One, the indices flatline and earnings catch up, but that typically happens when the investors are a little more mature and have been in the markets for long and in absence of this, you start seeing a complete collapse, which is what exactly has transpired with the smallcap index.

Now, today, if I take the three-year cagr, in largecaps we are below earnings growth, the share prices are now below earnings growth and in smallcaps they are fully well aligned.

So, the only question remains is that when you pull the pendulum so far to the right and today it is at equilibrium, does it stop at equilibrium or it goes in the opposite direction with an equal force so that the equilibrium can be established?

Our sense is that whereas things and news flow is great right now, there needs to be a compensatory effect for the pendulum to swing in the opposite direction and that would be the time when you would have seen us at least as Buoyant Capital, so that is broadly how we see the markets over the next few months and years.

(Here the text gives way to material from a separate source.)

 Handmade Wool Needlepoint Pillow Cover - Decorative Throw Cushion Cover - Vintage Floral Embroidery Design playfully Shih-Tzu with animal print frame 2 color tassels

A lot of portfolios will have to be rejigged and reallocation will have to be made. How should one look at doing that? I mean, look at gold also which is considered to be a safe haven in this market but that has also run up quite a bit, it is sitting at record high levels. How much of an allocation can one make to gold? Is this the right time to get in? Can we do that or how should one reallocate their portfolios now?Jigar Mistry: So, we can look at it in two parts. One is the broader asset level call and a lot of people may be far more qualified than I am to make that, but the only way in which I see this is that if you are trying to upend global order and rule-based system that has been set for at least 60 years, 70 years now, 65 years or thereabouts, since Richard Nixon yanked the dollar off the gold standard in 71.

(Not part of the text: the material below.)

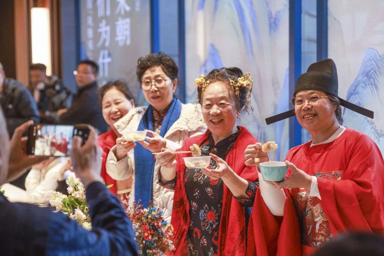 ▲2025年12月21日,居民穿上中国传统服装吃饺子。当日正值冬至节气,北京市朝阳区中建宸园小区内举行“画九待春归,冬至大如年”主题冬至民俗活动。(图片来自中新社 贾天勇 摄)
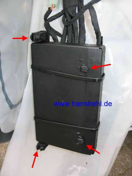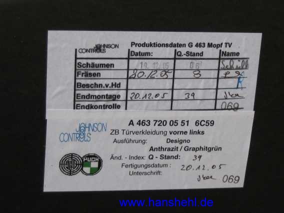 Das linke Türsteuergerät (N69/1) A4638200926 von einem G270CDI (Fahrertür, Danke Siggi) ist ein eigener kleiner Computer. Es wurde durch A4638201326 ersetzt und ist auch beim G55AMG eingebaut. Das Steuergerät in der unteren Türecke ist nur gegen Spritzwasser geschützt und wie auch der Lautsprecher bei Off-Road-Fahrten durchs Wasser sehr gefährdet. |

So, you have at least seen it for a fairly long period of time, 50-55 years and now if you are trying to set up a new system, where do you go to.

Every country would want to fall back on something that they know, which was gold physical asset, you cannot increase supply beyond usual levels and therefore, sentimentally speaking gold is a great asset.

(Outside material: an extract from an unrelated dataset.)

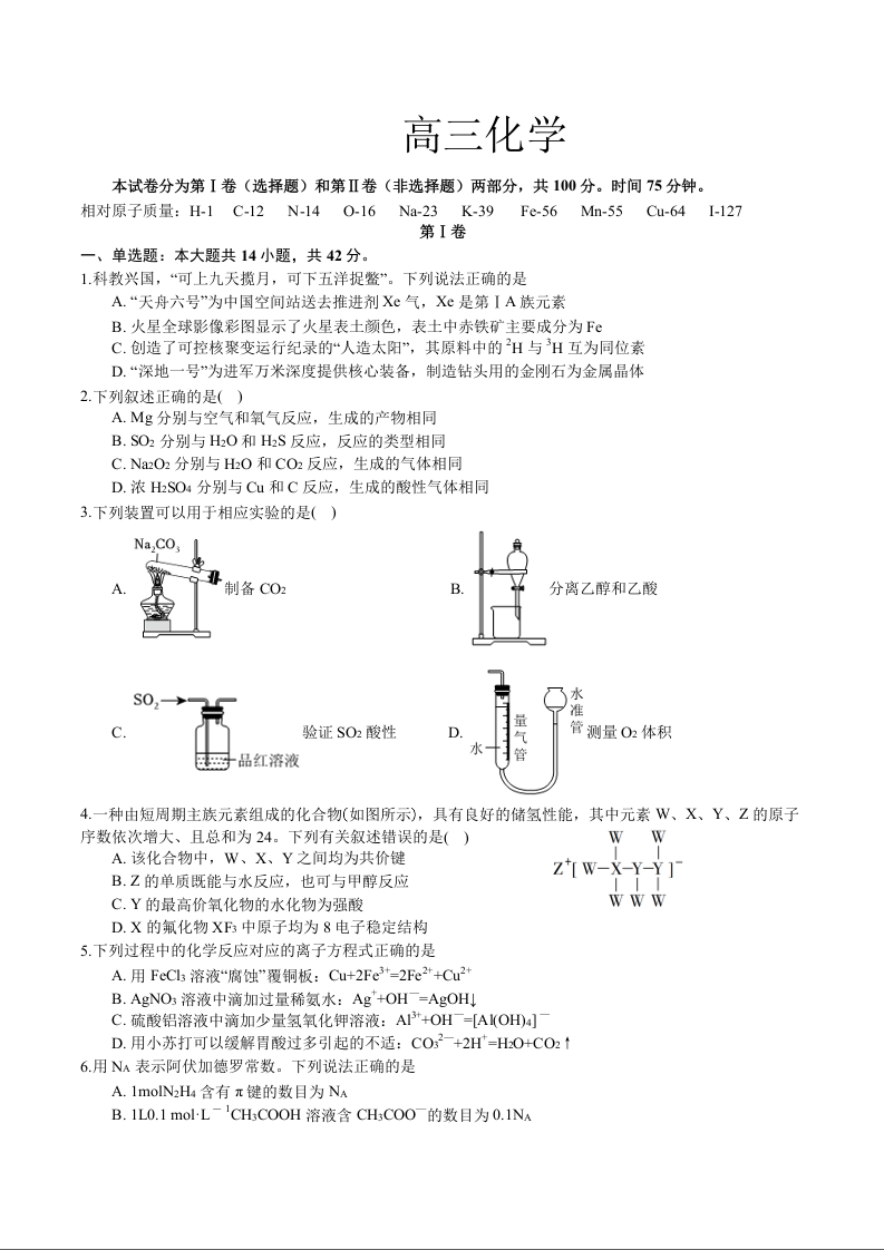 四川省成都列五中学2024-2025学年高三上学期9月月考化学试题

But I leave it to the experts to decide on how much weight, etc. Now within equities, I can run you through the way in which we are approaching investing to that and there are a few sectors, if we run through the same mechanics of EPS growth and share price growth with sectoral slabs into place, then we realise that a few sectors are reasonably well poised, like say banking, financials, or healthcare, or say cement and materials in general and therefore, those are the sectors where Buoyant Capital which is a fund that I have run is focusing on, that is sectorally speaking.

Within market caps could have gauged from my previous predilections, that essentially, the fund is basically focusing excessively on the largecap space for the past six months, that has been our scenario and as I said, if you get an opportunity on the other side, which is the smallcap index cracks more, that is when we will be looking to have a larger exposure to smallcaps.

Now, there have been times in the past when we were in excess of 60% in this small and midcap space, immediately post COVID, immediately after the Russia-Ukraine crisis, but today is not that time, at least in the collective wisdom of Buoyant Capital.

Within financials, any particular pocket that is looking interesting to you right now between the different ends of the market along with the public and the private diversification we have?Jigar Mistry: Yes, see, one space that is still not looking great is the MFI space because that is a situation where the management, for the lack of a better word, has not thrown in the proverbial towel yet, which means that the situation has to get a little worse before they become attractive assets.

Now, within the stable business with a reasonably high allocation to secured lending, private still look a lot better to us because publics at the end of it will have some amount of restriction on how vastly can the ROEs expand beyond the current levels. So, privates, publics, and then unsecured/MFIs is the order that we would want to focus on.